= Beginning of Section =
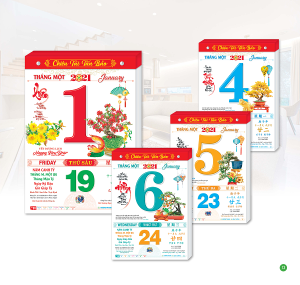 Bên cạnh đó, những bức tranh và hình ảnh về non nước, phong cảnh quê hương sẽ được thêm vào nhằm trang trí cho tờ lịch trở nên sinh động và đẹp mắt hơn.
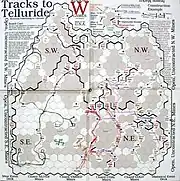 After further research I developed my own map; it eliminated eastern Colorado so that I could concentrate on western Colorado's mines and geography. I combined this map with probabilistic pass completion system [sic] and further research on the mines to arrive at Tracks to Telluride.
= End of Section =
= Beginning of Section =
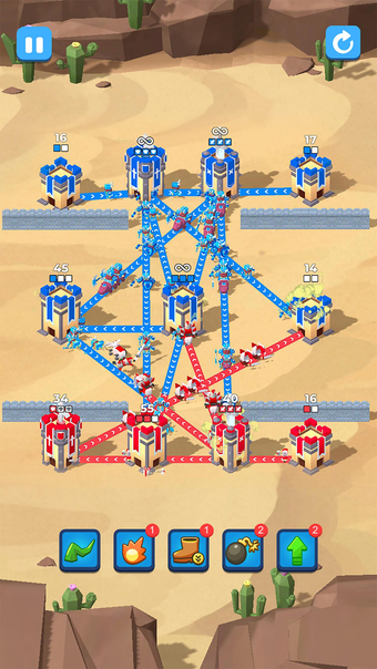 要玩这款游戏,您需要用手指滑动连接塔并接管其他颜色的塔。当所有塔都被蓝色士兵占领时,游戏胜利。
= End of Section =
§ **Your goal**: In the data above, take the line with "Bên cạnh đó, những", the line with "After further research", and every line between, and set them down exactly without pictures.

§ **Solution**:
 Bên cạnh đó, những bức tranh và hình ảnh về non nước, phong cảnh quê hương sẽ được thêm vào nhằm trang trí cho tờ lịch trở nên sinh động và đẹp mắt hơn.
 After further research I developed my own map; it eliminated eastern Colorado so that I could concentrate on western Colorado's mines and geography. I combined this map with probabilistic pass completion system [sic] and further research on the mines to arrive at Tracks to Telluride.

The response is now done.